These are the key concepts you need to understand to accurately answer the question.

Neutron Star
Neutron stars are one of the universe’s most fascinating objects. They form when a massive star exhausts its nuclear fuel and undergoes a supernova explosion. This can cause the star to collapse in on itself, squeezing its mass into a much smaller volume. As a result, the neutron star becomes incredibly dense and compact. To put it in perspective, imagine cramming something as massive as the Sun into a sphere only about 20 kilometers across.
  • Neutron stars have densities reaching around 10^{14} times that of regular matter.
  • They primarily consist of neutrons, subatomic particles found in the nucleus of atoms.
  • The gravitational pull of a neutron star is immense, due to its compactness.
Despite their small size, neutron stars possess a tremendous mass and can spin at incredibly high speeds, making them a highlight of study for both astrophysics and gravitational theory.
Moment of Inertia
The moment of inertia is a critical concept when studying rotating bodies. It represents how much torque is needed for a particular angular acceleration. For solid spheres like our star before and after collapse, the moment of inertia can be calculated using the formula:
  • \[ I = \frac{2}{5} m R^2 \]
Here, \( I \) is the moment of inertia, \( m \) is the mass, and \( R \) is the radius of the sphere. The moment of inertia depends heavily on the distribution of mass around the axis of rotation.
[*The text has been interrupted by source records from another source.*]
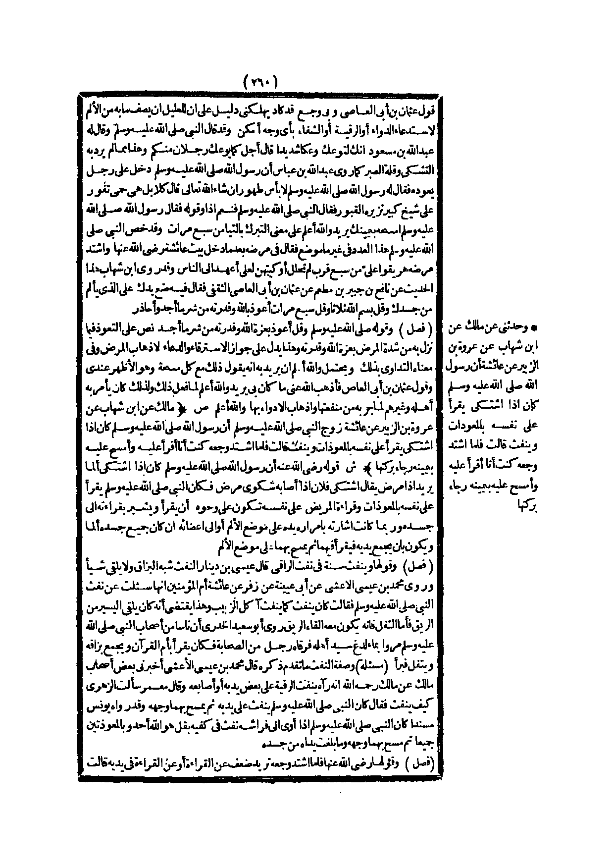 (ص) : (مَالِكٌ عَنْ ابْنِ شِهَابٍ عَنْ عُرْوَةَ بْنِ الزُّبَيْرِ عَنْ عَائِشَةَ زَوْجِ النَّبِيِّ - صَلَّى اللَّهُ عَلَيْهِ وَسَلَّمَ - «أَنَّ رَسُولَ اللَّهِ - صَلَّى اللَّهُ عَلَيْهِ وَسَلَّمَ - كَانَ إذَا اشْتَكَى يَقْرَأُ عَلَى نَفْسِهِ بِالْمُعَوِّذَاتِ وَيَنْفُثُ قَالَتْ فَلَمَّا اشْتَدَّ وَجَعُهُ كُنْتُ أَنَا أَقْرَأُ عَلَيْهِ وَأَمْسَحُ عَلَيْهِ بِيَمِينِهِ رَجَاءَ بَرَكَتِهَا» ) .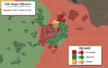 Early on 24 September, military preparations were being made for the Syrian Army to assault the southern Sheikh Sa'id district.[54] The attack started that morning, and within hours government troops had taken control of several building blocks.[55][56][57] Concurrently, pro-government militias continued to advance in the Handarat Camp area,[58] seizing the eastern entrance to the Camp and leaving only half of it still rebel-held.[51] Shortly after, the Palestinian militias captured the whole Handarat Camp.[59][60][61] In addition, government troops made advances on a third axis, taking control of two dozen building blocks near the historic Aleppo citadel in the city center.[55] Meanwhile, a new wave of air-strikes were conducted throughout Aleppo, and a military official stated the strikes had been targeting an array of rebel fortifications, including tunnels, bunkers and command centers.[62] Following the capture of the Handarat Camp district, the Army shifted its focus to the nearby Kindi Cancer Hospital, which had been converted into a military base by the rebels.[63] Intense clashes took place at the hospital, as the Army also imposed fire control over the nearby Shuqeif Industrial Area.[64] Later that evening, an initial rebel counter-attack against the Handarat Camp was repelled.[65] However, pro-government militias withdrew from the district, while still maintaining control of the nearby Shaher sector and the Handarat Industrial District, east of the refugee camp.[66][67]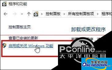 4、在打开的窗口中,点击右边菜单的“启用或关闭windows功能”;

When the radius of the star decreases dramatically during the collapse, the moment of inertia decreases as well. Because angular momentum must remain conserved (if no external torque), any change in the moment of inertia means a change in angular speed, which explains why neutron stars often spin so quickly after forming.
Angular Speed Calculation
Calculating the angular speed of a neutron star involves understanding the principles of angular momentum conservation. When a star collapses into a neutron star, its angular momentum pre-collapse must equal its angular momentum post-collapse, assuming no external torques influence the system.
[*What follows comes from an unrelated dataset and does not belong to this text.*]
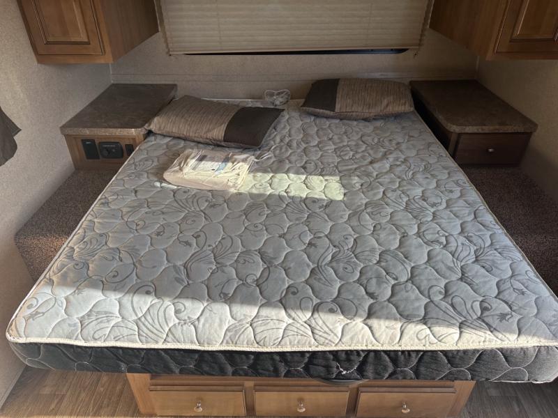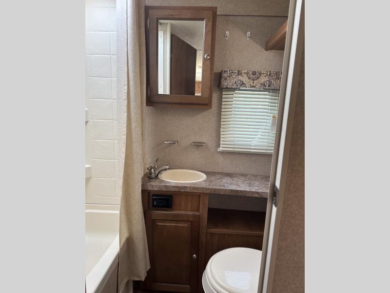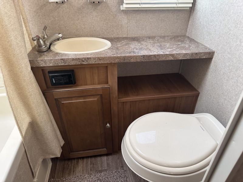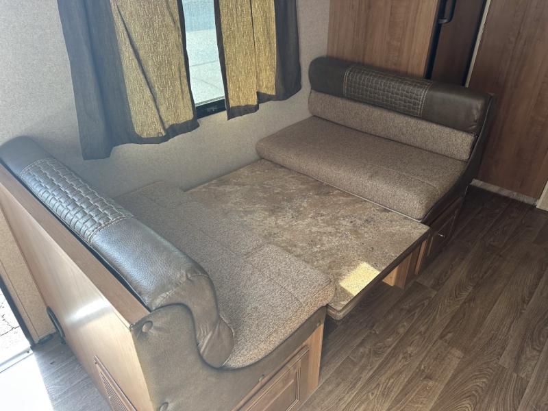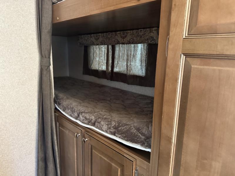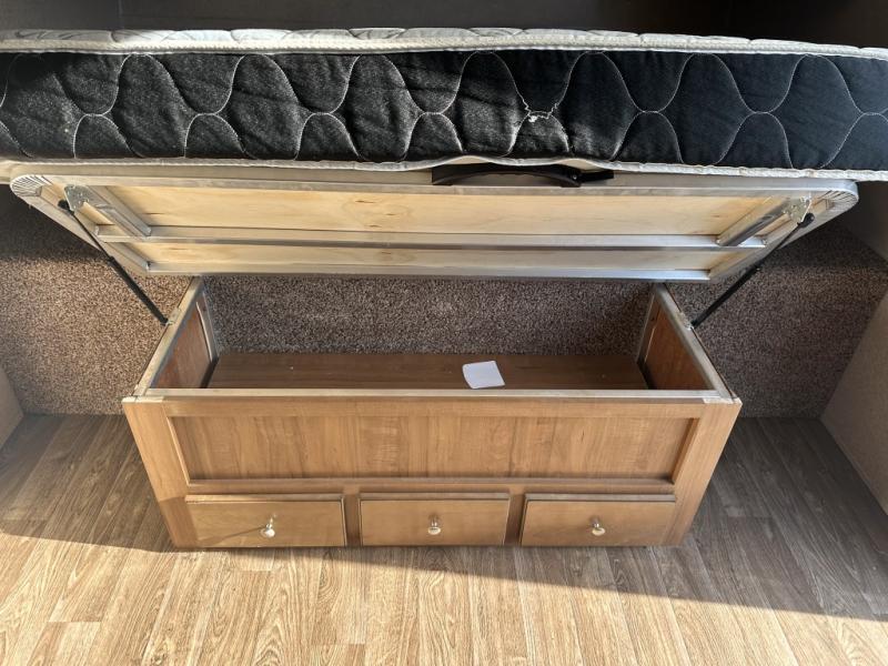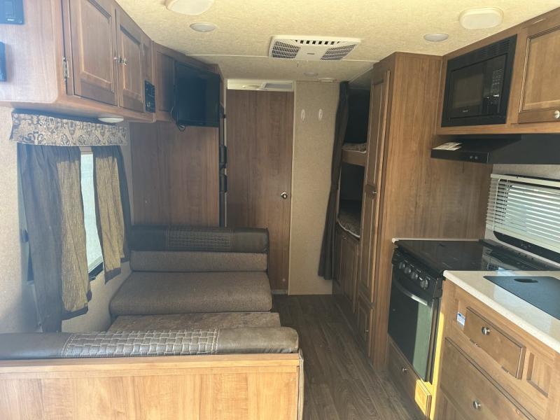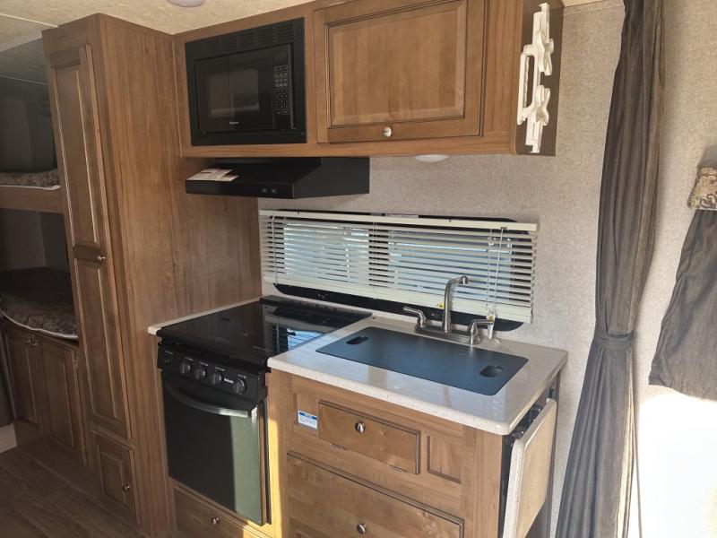 Your family will be ready for any camping excursion with this travel trailer. The kids will love the double bunk beds they can climb into each night, while mom and dad enjoy the Murphy bed at the front of the unit. There is also a dinette that can be converted to a sleeping space for one or two. You'll appreciate the rear corner bath with a tub, making bath time for the little ones as easy as ever. This travel trailer features a counter top extension, which makes prepping dinner a breeze. After you've prepped your food, take it outside to cook on the gas grill and enjoy sitting under the 15' awning with LED lights.

This is mathematically expressed as:
  • \[ \frac{2}{5} m R_i^2 \omega_i = \frac{2}{5} m R_f^2 \omega_f \]
Since the mass \( m \) and the factor \( \frac{2}{5} \) remain constant, they can be canceled out, simplifying to:
  • \[ R_i^2 \omega_i = R_f^2 \omega_f \]
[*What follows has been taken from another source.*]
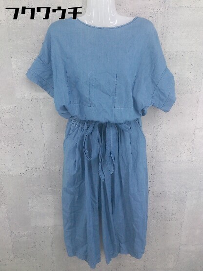 ◇ ◎ nano universe the first floor ウエストゴム 半袖 オールインワン サイズ36 ライトブルー レディース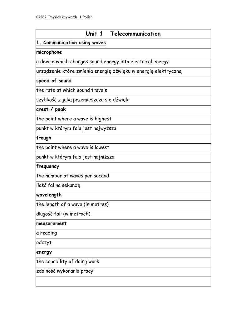 07367_Physics keywords_1.Polish Unit 1 Telecommunication 1. Communication using waves microphone a device which changes sound energy into electrical energy urządzenie które zmienia energię dźwięku w energię elektryczną speed of sound the rate at which sound travels szybkość z jaką przemieszcza się dźwięk crest / peak the point where a wave is highest punkt w którym fala jest najwyższa trough the point where a wave is lowest punkt w którym fala jest najniższa frequency the number of waves per second ilość fal na sekundę wavelength the length of a wave (in metres) długość fali (w metrach) measurement a reading odczyt energy the capability of doing work zdolność wykonania pracy 07367_Physics keywords_1.Polish instantaneously at a point in time zdarzający się w momencie w czasie mouthpiece the part of a telephone which is spoken into część telefonu do której się mówi earpiece the part of a telephone which is listened to część telefonu przez którą się słucha amplitude the maximum height of a wave (in metres) największa wysokość fali (w metrach) angle of incidence the angle between the 'normal' and the ray as it enters a medium kąt pomiędzy "normalną" i promieniem kiedy ten wchodzi w medium echo a wave which returns off a barrier to the transmitting source fala która powraca od przeszkody do źródła nadającego loudspeaker a device which changes electrical energy into sound energy urządzenie które zmienia energię elektryczną w energię dźwięku pitch a word which is used to indicate a frequency - particularly of sound słowo którego używa się do wskazania częstotliwości - szczególnie dźwiękowej 07367_Physics keywords_1.Polish signal usually a small electrical current which carries information zwykle mały prąd elektryczny który przesyła informacje 2. Communication using cables buzzer a small device which gives out sound energy małe urządzenie które wydaje energię dźwiękową oscilloscope a display screen which shows varying voltages ekran monitora który pokazuje zmieniające sie napięcie receiver a radio radio signal generator a device which gives out an alternating voltage at different frequencies urządzenie które wydaje naprzemienne napięcie w różnych częstotliwościach volume the size of an ouput signal (usually audio) objętość sygnału wyjściowego (zwykle dźwiękowa) angle of reflection the angle between the 'normal' and the ray as it reflects off a surface kąt pomiędzy "normalną" i promieniem gdy ten odbija się od powierzchni optical fibre a length of plastic material (round in cross-section) which can carry light odcinek tworzywa plastikowego (okrągłego w przekroju) która może przenosić światło 07367_Physics keywords_1.Polish Lab. Pack variable voltage supply zmienne zasilanie napięcia ray box a light source źródło światła refraction the deviation of a ray of light as it passes in/out of a material odchylenie promienia światła kiedy wnika/wydostaje się z tworzywa total internal reflection when light within a glass/plastic material bounces off an inside wall kiedy światło w tworzywie szklanym/plastikowym odbija się od ściany wewnętrznej critical angle the angle beyond which total internal reflection occurs, but below which external refraction occurs kąt poza którym występuje całkowite wewnętrzne odbicie ale poniżej którego występuje wewnętrzne załamanie światła density how heavy an object is relative to its volume jak ciężki jest przedmiot w stosunku do swojej wielkości link connection połączenie 07367_Physics keywords_1.Polish 3. Radio and Television transmitter sends out radio waves wysyła fale radiowe tuner a coil and a variable capacitor in parallel cewka i kondensator zmienny połączone równolegle amplifier a device which increases an electrical signal urządzenie które zwiększa sygnał elektryczny decoder a diode dioda aerial usually a length of wire which collects radio waves zwykle odcinek drutu który gromadzi fale radiowe modulation to change or 'shape' (a radio or TV wave) zmienić lub "nadać kształt" (fali radiowej lub telewizyjnej) leads 4mm electrical connectors 4mm-we złącza elektryczne electric charge basic unit of electricity / measured in Coulombs podstawowa jednostka elektryczności / mierzona w Coulombach 07367_Physics keywords_1.Polish cassette recorder tape recorder magnetofon metal foil aluminium 'kitchen foil' aluminiowa "folia kuchenna" resonant / resonance the frequency at which an object vibrates at maximum amplitude częstotliwość z jaką obiekt drga w największej amplitudzie variable output changeable signal sygnał zmienny resistor a device which restricts current urządzenie które ogranicza prąd coil / inductor many turns of copper wire wiele zwojów miedzianego drutu carrier wave a radio frequency signal on which an audio signal is transmitted sygnał częstotliwości radiowej na którym przesyłany jest sygnał dźwiękowy radio frequency a high frequency wysoka częstotliwość audio frequency a low frequency niska częstotliwość 07367_Physics keywords_1.Polish deflection deviation odchylenie fluorescent re-transmits light ponownie przesyła światło cathode ray tube the 'tube' of a TV "lampa" telewizyjna electron beam a flow of electrons through air/vacuum strumień elektronów przez powietrze/próżnię kinetic movement ruch vacuum a space in which there are no particles przestrzeń w której nie ma cząsteczek scan to move (usually one's eye) across a screen przesuwać się (zwykle swoim okiem) przez ekran image retention / persistence of vision the ability of the brain to 'join up' several still images to make a moving picture umiejętność "łączenia" przez mózg kilku nieruchomych obrazów tak aby powstał obraz ruchomy 07367_Physics keywords_1.Polish cyan turquoise/sea green colour kolor turkusowy/zieleń morska magenta pink/red colour kolor różowy/czerwony primary colour main colour kolor podstawowy seco

Rearranging gives us the formula for final angular speed:
  • \[ \omega_f = \omega_i \frac{R_i^2}{R_f^2} \]
This shows that the initial angular velocity \( \omega_i \), calculated from the original star's rotational period, gets multiplied by the ratio of the initial radius squared to the final radius squared. Since the final radius is significantly smaller, this results in a markedly increased angular speed, which explains the high spin rates of neutron stars.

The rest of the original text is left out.